1.1 Synoptic Overview

library(DataVisualizations)

## The legacy packages maptools, rgdal, and rgeos, underpinning the sp package,
## which was just loaded, will retire in October 2023.
## Please refer to R-spatial evolution reports for details, especially
## https://r-spatial.org/r/2023/05/15/evolution4.html.
## It may be desirable to make the sf package available;
## package maintainers should consider adding sf to Suggests:.
## The sp package is now running under evolution status 2
##      (status 2 uses the sf package in place of rgdal)

data("Lsun3D")
Pixelmatrix(Lsun3D$Data)

1.2 Distribution Analysis

“A scientifically sound procedure for the identification and analysis of empirical distributions is a comparison to a known theoretic distribution. The quantile/quantile plot (QQ-plot) allows comparing an empirical distribution to a known distribution [Michael, 1983]. Here, in 100 quantiles the model of a Gaussian distribution is compared to the data, and a straight line confirms a good data fit of the model. The Gaussian distribution is the canonical starting point for such a comparison[…]

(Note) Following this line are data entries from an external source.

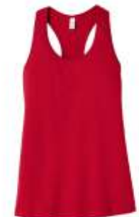
BELLA+CANVAS® Women's Jersey Racerback Tank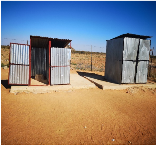
Figure 2.1: Old toilets at Tibanefotein Primary School.

After OUTA's field trip, further investigations were conducted. We had a telephone conversation with Ms Morulane on 27 May 2019. She indicated that they were appointed by Zibsifusion NPC to build toilets for two schools namely, Tibanefontein Primary and Ncheleleng Secondary School.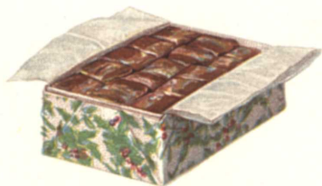
RIBBON CARAMELS. (See Page 45.)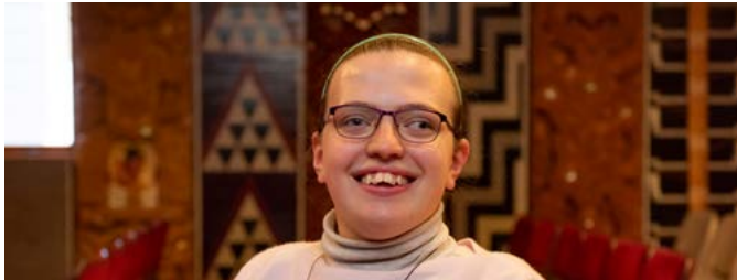
TE WĀHANGA ARONUI / FACULTY OF HUMANITIES AND SOCIAL SCIENCES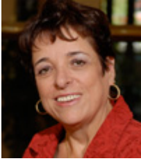
National PTA President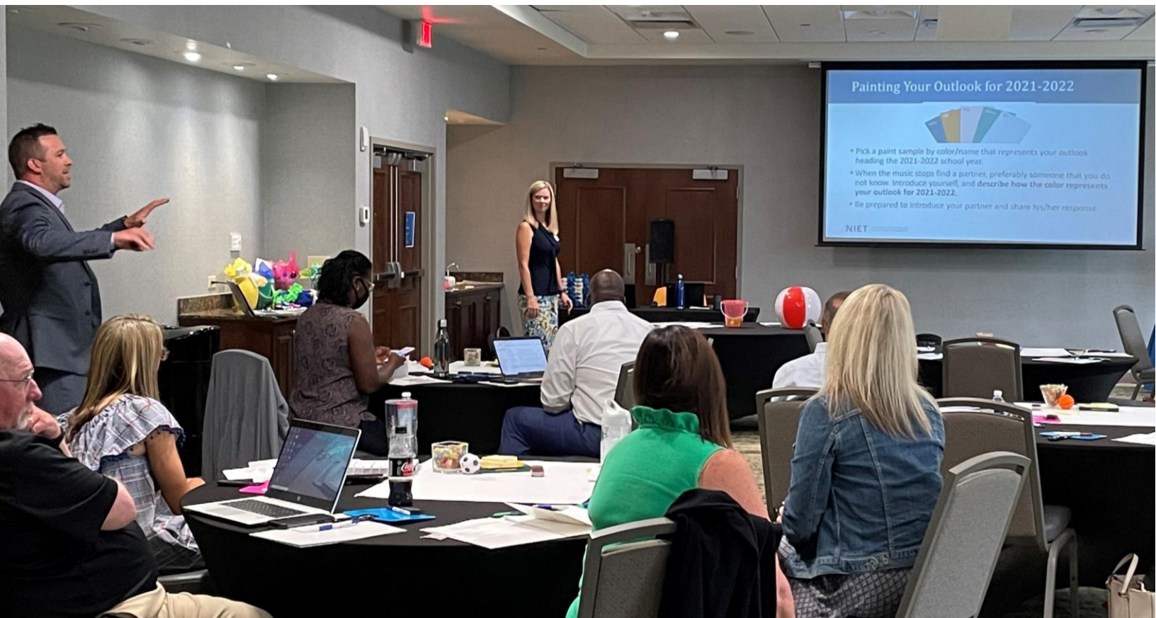
During summer 2021, NIET senior specialists led training for more than 100 SCPLN school leaders.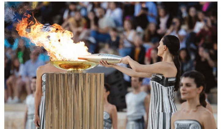
Greek actress Mary Mina, playing the role of High Priestess, holds the Olympic torch by the cauldron during the Handover Ceremony for the Paris 2024 Olympics at Panathenaic Stadium, Athens, Greece, yesterday.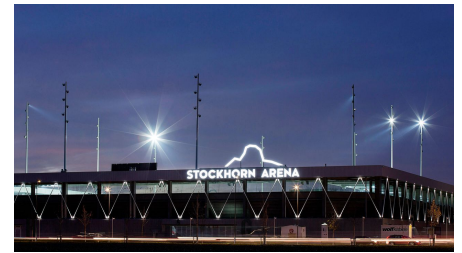
Stockhorn Arena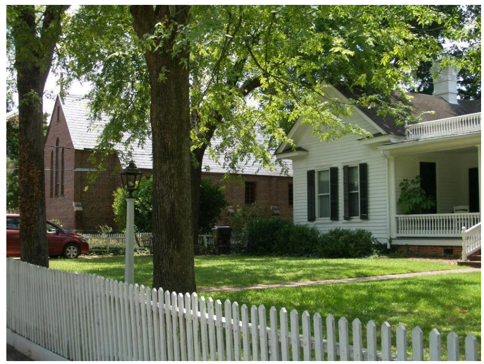
McMillan-Rankin House, 110 Bradford Avenue and St. Patrick's Catholic Church, 802 Arsenal Avenue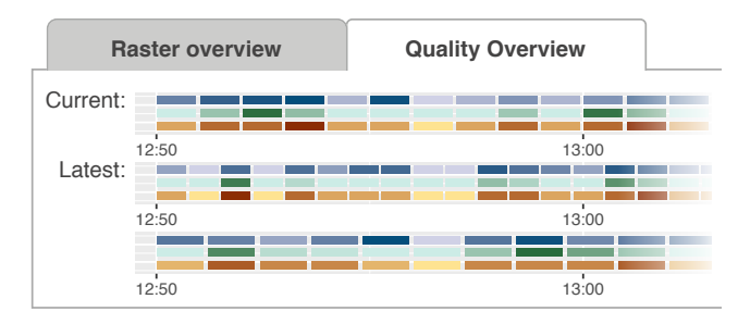
Figure 2: Result quality overview ( truncated ): In this view the user can directly compare quantified quality and uncertainty information of the raster result history for individual rasters encoded in a colored heatmap. The context of the coloring corresponds to the aggregated indicators in Figure 1c and helps to identify conspicuous entries.

The time series rastering preview (cf. Fig. 1a) is interactively browsable, showing a superimposition of both the original time series and a preview of the results of the current rastering configuration. This view also serves as input interface for defining the raster length and initial raster anchor point. These parameters are selected via drag&drop (cf. Fig. 1e) in the rastering preview. During dragging, the raster values are calculated and interactively updated based on the current configuration (grey dotted line in Fig. 1a). The multiple-coordinated views are dynamically updated during the dragging interaction to show the impact of the chosen configuration on the rastering outcome, like raster length, distribution, and possible empty rasters.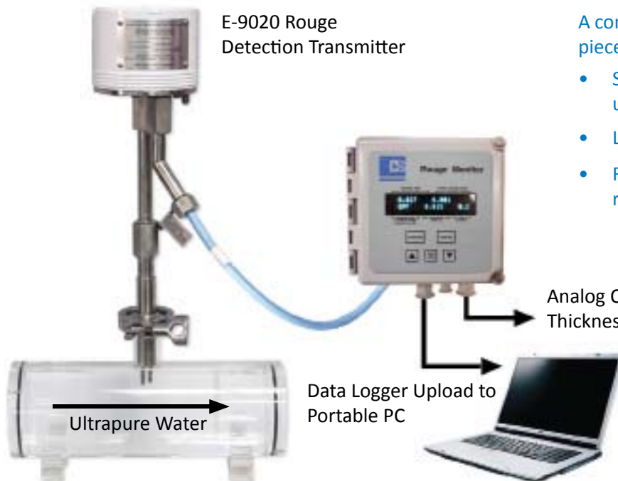
E-9020 Rouge Detection Transmitter

A complete Rouge Monitoring System consists of three pieces: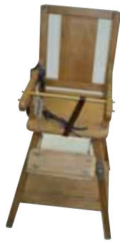
Baveystock High Chair dating to 1950s

[t]he precise form, i.e., the type, nature and parameters of the formal model of the probability density function (pdf) is the […] goal of [Distribution] analysis. Usually, this is performed using kernel density estimators. The simplest of such a density estimation is the histogram. However, histograms are often misleading and require critical parameters such as the width of the bin [Keating and Scott, 1999]. A specially designed density estimation, which has been successfully proved in many practical applications is the “Pareto Density Estimation” (PDE). PDE consists of a kernel density estimator representing the relative likelihood of a given continuous random data [Ultsch, 2005]. PDE has been shown to be particularly suitable for the discovery of structures in continuous data hinting at the presence of distinct groups of data and particularly suitable for the discovery of mixtures of Gaussians [Ultsch, 2005]. The parameters of the kernels are auto-adopted to the date using an information theoretic optimum on skewed distributions [Ultsch, Thrun, Hansen-Goos, and Lötsch, 2015].” [Thrun/Ultsch 2018].

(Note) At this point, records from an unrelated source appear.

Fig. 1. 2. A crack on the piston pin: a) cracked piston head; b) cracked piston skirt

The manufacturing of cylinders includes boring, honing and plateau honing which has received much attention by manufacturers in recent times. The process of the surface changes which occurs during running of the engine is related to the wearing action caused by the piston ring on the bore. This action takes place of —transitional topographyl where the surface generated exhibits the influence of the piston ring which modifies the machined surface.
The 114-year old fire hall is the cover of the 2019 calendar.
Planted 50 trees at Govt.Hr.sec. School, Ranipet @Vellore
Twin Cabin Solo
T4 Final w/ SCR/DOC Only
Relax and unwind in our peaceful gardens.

library(DataVisualizations)
data(MTY)
InspectVariable(MTY,'MTY')

1.3 Mirrored Density Plots (MD-plots)

A clear model behind density estimation can outperform conventional visualization approaches. MD Plot combines the syntax of ggplot2 with Pareto density estimation and additional functionality usefull from the Data Scientist’s point of view. The approach is published in [Thrun et al., 2020]. A detailed description of the usage and functionality can be found in https://md-plot.readthedocs.io/en/latest/index.html .

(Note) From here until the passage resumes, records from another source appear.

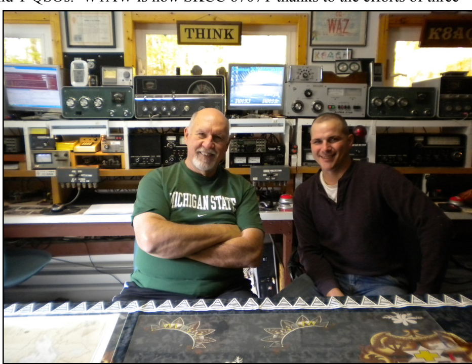
Left to right, K8AQM and KD8SKO

Each state and US possession were active for two one week periods throughout the year with activity in cw, ssb and digital modes and on all amateur bands. It was not a contest but rather like our K3Y, a birthday celebration operating event.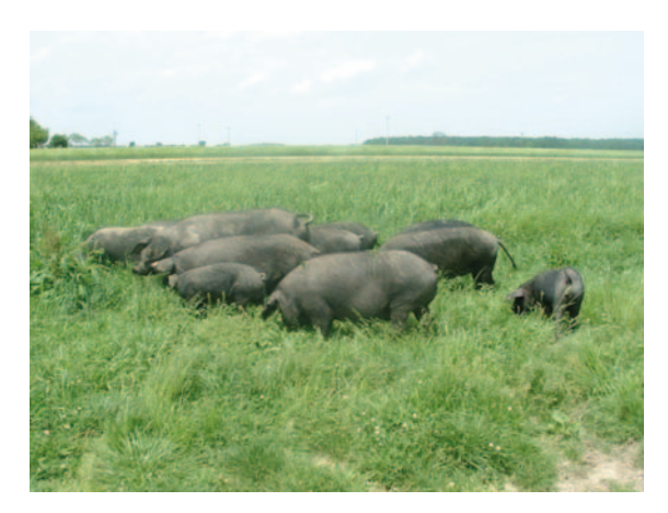
Figure 2: Pigs on the pasture.

In the case of Black Slavonian Pigs, extensive system of pig production refers to outdoor systems with shelters and pastures (Fig. 2). Area of 1 ha may hold up to 4 breeding sows (along with fattening pigs, piglets, gilts and boars). Production area must be split into partitions, and facilities that are located on that area must be constructed from natural materials and in a traditional style. Facilities for sows and gilts depends on the number of animals and for five sows or gilts, (Fig. 3) according to few authors Karolyi et al. (2010); Karolyi et al. (2004), Margeta (2013) should be semi-opened area of 30 m<sup>2</sup>.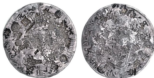
3506* China, Mexico, Philip V, eight reales or pillar dollar, 1735 MF (KM.103), with numerous chop marks; Peru, Charles III (1788-1808), eight reales, Lima Mint, 1808JP (KM.97), with extensive chop marks. Very fine and rare . (2)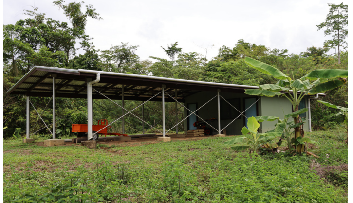
CSBC buildings across CMCA region used for crop distribution to farmers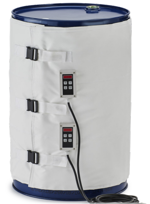
1 zone - 230V 1200W: 19-2746 2 zones - 230V 2x600W: 12-1208DT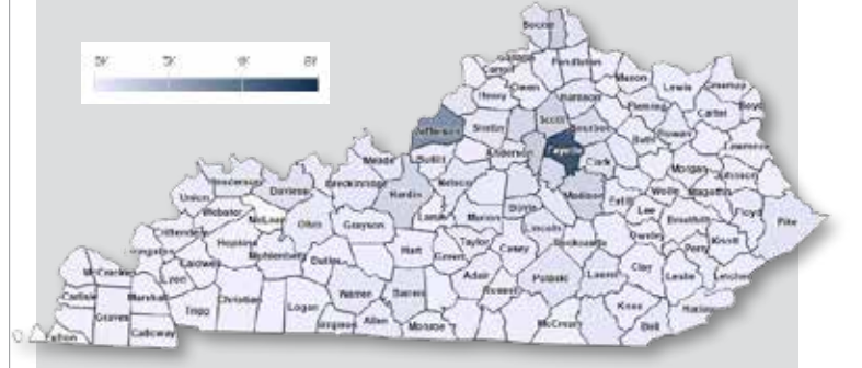
RABIES TESTING TREND CHART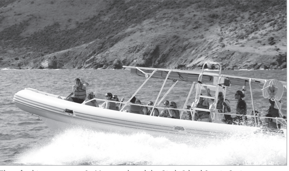
The refreshing way to see St. Maarten aboard the Circle Island Scenic Cruise

Currency: The guilder (NFL) is the official currency on the Dutch side, while the Euro (EUR) is used on the French side. The U.S. Dollar (USD) is accepted throughout the island.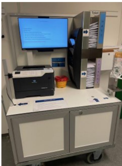
Figure 1. The self-testing technology.

Under the new system, patients who wanted to get tested for chlamydia and gonorrhea would call a nurse trained in the field of venereology, who would conduct a short interview for the patient's medical records. The nurse would then set up the process in the electronic medical record that would give patients access to the STT using their personal identification number. Men were informed about having to self-collect a urine sample, and women about having to self-collect a vaginal swab. How to collect those samples was not elaborated because this information would be provided when patients used the STT. Patients were informed that they had 14 days to take the test within the opening hours of the outpatient drop-in clinic. Furthermore, they were informed about the location of the STT and that in case of a positive test result, they would receive an electronic letter in their secure personal digital mailbox. In case of a negative test, they would not be contacted but would have to check their test result on the Danish national portal for patient communication, a secure digital platform that contains all medical information linked to patients' personal identification numbers. The unique personal identification numbers of all Danish citizens allow us to link medical information in different IT systems in a secure way. When entering the STT system the users will use their unique personal identification numbers and the system will recognize the user as a legitimate user of the system.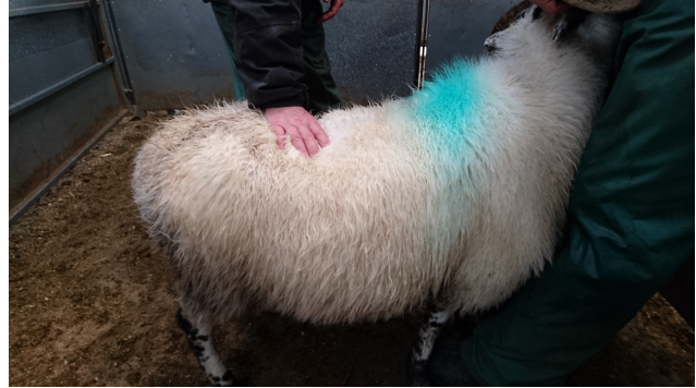
Picture 2 - Position of hand to condition score a sheep

See the Technical Note for descriptions and diagrams of how to assess each score. If you are unsure, ask your advisor or local vet to demonstrate condition scoring on your flock.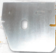
Part Number BP101-3 Ford Ranger PX3 - Third Plate Barcode 9319478660717 Fits at the end of the third (factory) bash plate for Transfer case protection RRP* $149.00

The MD plot is also available in Python https://pypi.org/project/md-plot/

All dependencies have to be installed so that the MDplot can be used:

install.packages("DataVisualizations",dependencies = TRUE)

Here, one feature is bi-modal the other one has a large range of values.

library(DataVisualizations)
library(ggplot2)

## Warning: package 'ggplot2' was built under R version 4.3.1

data(ITS)
data(MTY)
library(vioplot)
Data=cbind(ITS,MTY)
#MDplot(Data)+ylim(0,6000)+ggtitle('Two Features With Adjusted Range')

#MDplot(Data,Scaling = "Robust")+ggtitle('"Shape-Invariant" Normalization')

#Data is now capped
#Data[Data[,2]>6000,2]=6000
MDplot(Data)+ylim(0,6000)+ggtitle('Two Features with MTY Capped')

## Warning: Removed 1614 rows containing non-finite values (`stat_pd_edensity()`).

boxplot(Data,main='Two Features with MTY Capped')

vioplot(Data[,1],Data[,2])
title('Two Features with MTY Capped')

1.4 Correlation Analysis

Often it is better to visualize the density of scatter plots before calculating correlation coefficients.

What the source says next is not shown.